Rechargeable lithium-ion batteries (LIBs) are electrochemical energy-storage devices that are used in diverse applications ranging from small-sized consumer electronic devices to midsized electric vehicles to the large-scale electricity grid. In their basic form, an LIB cell contains two electrodes at which redox reactions occur during electrochemical cycling, an electrolyte that transports lithium-ions between the electrodes, and a separator that prevents the electrodes from contact with each other while allowing the movement of ions.

Commercial LIBs typically contain graphite as the electrochemically active material in the negative electrode. The graphite could be partially or fully replaced by silicon in next-generation, high energy density LIBs because the theoretical lithium storage capacity of silicon is about ten times greater than that of graphite. However, the commercialization of silicon-based electrodes has been hindered by the large volume changes (up to 320%) that result from the insertion/extraction of lithium-ions into/from silicon particles; graphite, in comparison, displays an ∼10% volume change. Additionally, the electrochemical alloying/dealloying with lithium fractures the silicon particles and increases their surface area, which in turn increases parasitic side-reactions that trap lithium-ions and degrades battery performance.

Various strategies are pursued to improve the performance and longevity of silicon-containing LIBs. Modifying the silicon particle surfaces to minimize reactivity with the electrolyte and maximize interactions with the polymer binder ranks high among these approaches. Utilizing coatings to enhance the electronic contact within the electrode matrix is especially important for silicon, given that these particles have an oxide surface layer that forms during material synthesis. Additionally, surface modification can also prevent H2 evolution reactions that occur during water-based electrode fabrication processes, which consume active material and, at large enough scales, can pose safety hazards (Ref. 1).

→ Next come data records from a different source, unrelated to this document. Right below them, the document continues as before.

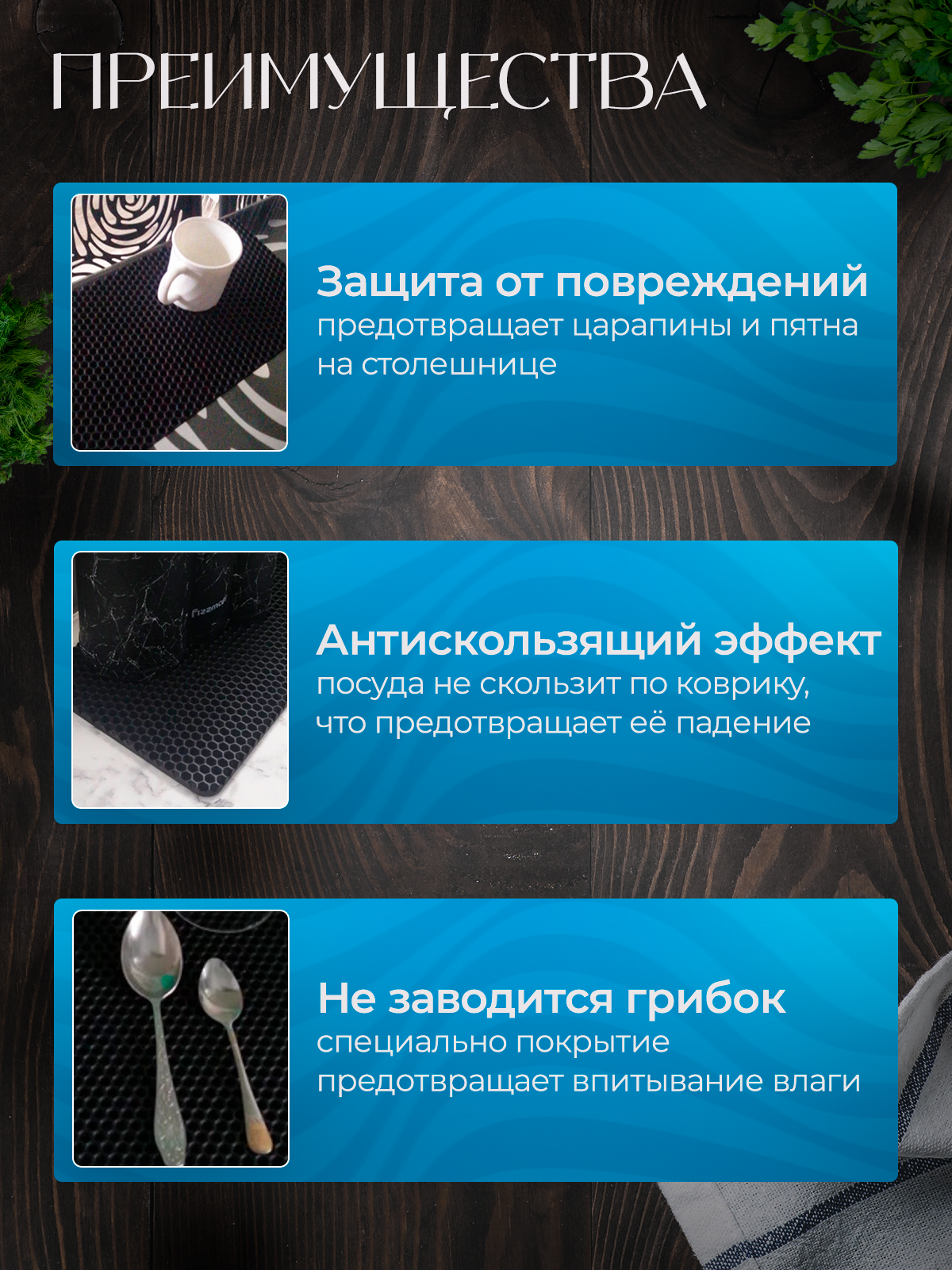 СохранитьНабор Эва ковриков для сушки посуды из трех штук, 20х50см , черные соты / Для кухни / Eva, Ева интересное:
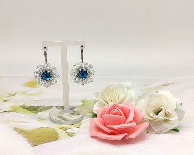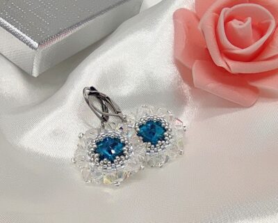 Šité elegantné náušnice z kryštálov v modrej a Crystal farbe
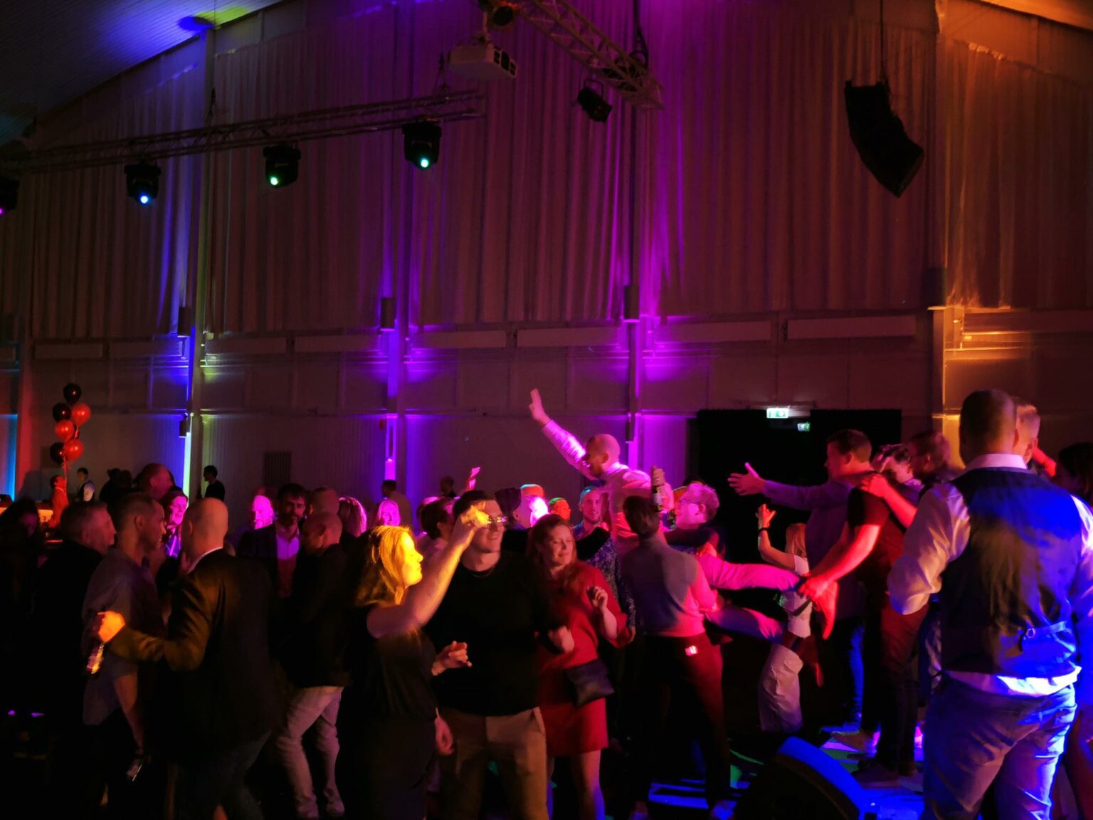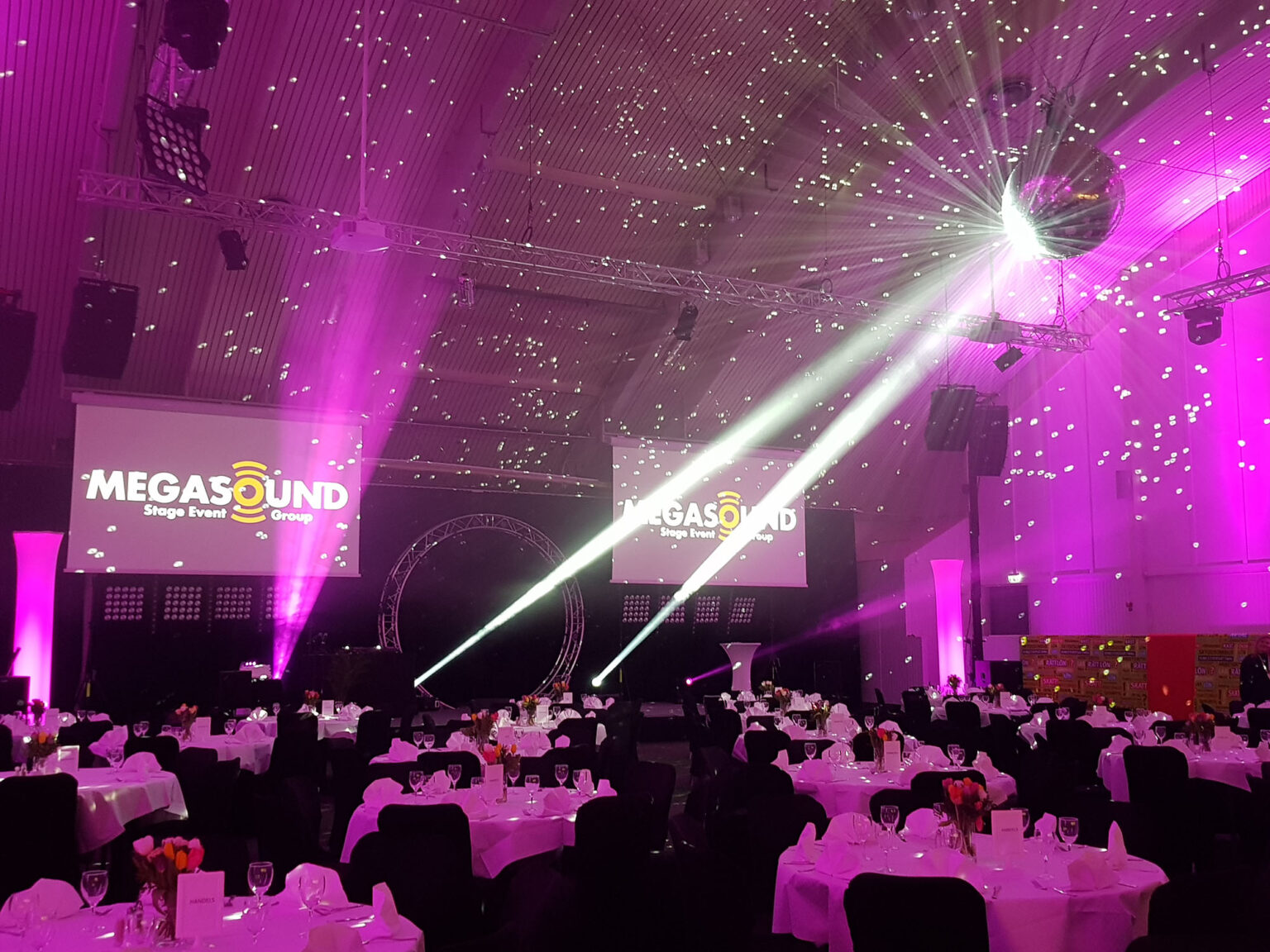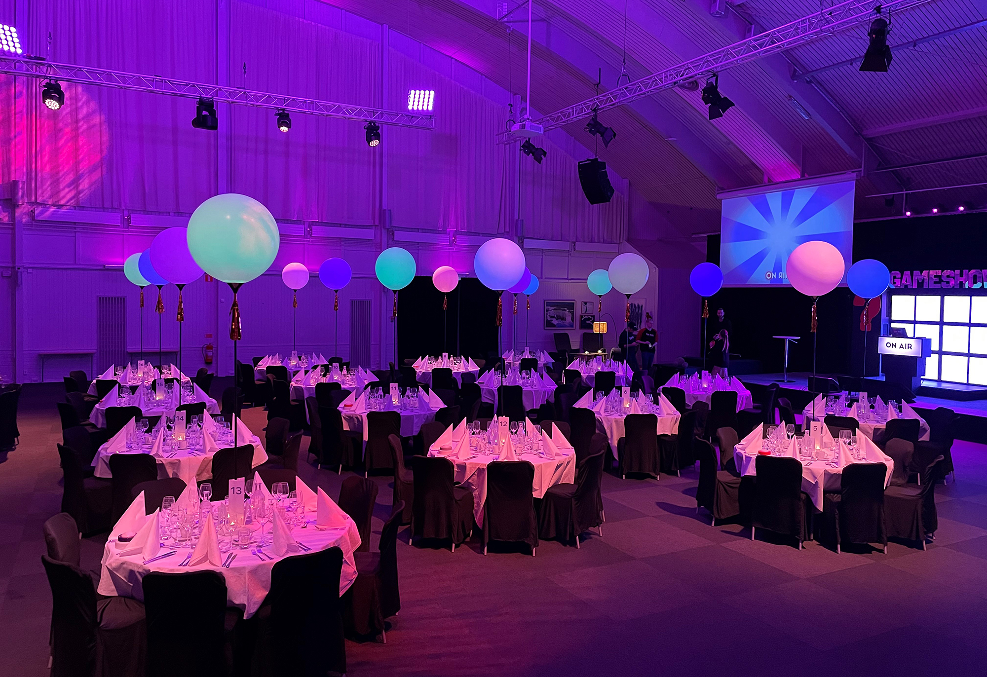 Vår eventlokal rymmer inte bara 380 middagsgäster vid runda bord, här finns även en scen för spex och underhållning till middagen.

In this study, we report x-ray photoelectron spectroscopy data from various surface-modified silicon powders (Table I) obtained from a commercial vendor (Paraclete Energy, Inc.). The powders were produced by milling and contain Si particles with a mean diameter of ∼150 nm. Data are presented from Si particles coated with a thin carbonaceous layer (Si/C, Ref. 2) and from Si/C particles with additional coatings based on polyethylene glycol (PEG) (Ref. 3), polyvinylidene difluoride (PVdF) (Ref. 4), and perfluorooctene (PFO) (Ref. 5). Data from particles covered with only the native oxide layer (n-SiO, Ref. 6) are also reported here. Spectra from Si-based composite electrodes (Table II) based on the powders described above and containing carbon (for electronic conduction), graphite (for limiting the overall electrode expansion), and partially lithiated polyacrylic acid (LiPAA, for binding) are also included (Refs. 7–12). The LiPAA was prepared by titrating polyacrylic acid (PAA) with 1M LiOH in an aqueous solution; exchanging the protons with Li+ ions reduces coiling of the PAA polymer chains and improves their adhesion to the particles (Ref. 13).

XPS measurements of the powder and anode samples were made using a Kratos Axis Ultra x-ray photoelectron spectrometer (Kratos Analytical, Inc., Manchester, UK) using monochromatic Al Kα radiation (1486.6 eV). High-resolution spectra were collected from a single spot at an emission angle of 0° at a pass energy of 40 eV from a 0.7 × 0.3 mm2 area using the hybrid (electrostatic and magnetic immersion) lens mode. The samples were affixed onto the conductive sample holder with an insulating double-sided transparent tape. The sample holder was then loaded onto the grounded sample stage. The binding energy scale of the instrument was calibrated using the Cu 2p (932.6 eV) and Au 4f (84.0 eV) photoelectron lines. The binding energies were referenced to the bulk Si 2p signal at 99.3 eV. The pressure during analysis was ∼7 × 10−7 Pa.

XPS data collected from the raw powders are shown in Figs. 1–4. As these materials are surface-modified silicon particles, it was anticipated that there may be differences in the chemical/electronic nature of the surface of the particles between the various materials. Therefore, the bulk Si 2p signal is used as an energy reference instead of the more typical —CC—, —CH signal. The spectra show products of oxidation of the particle surfaces, which occur during synthesis, as well as the carbon coatings formed during the surface modification process.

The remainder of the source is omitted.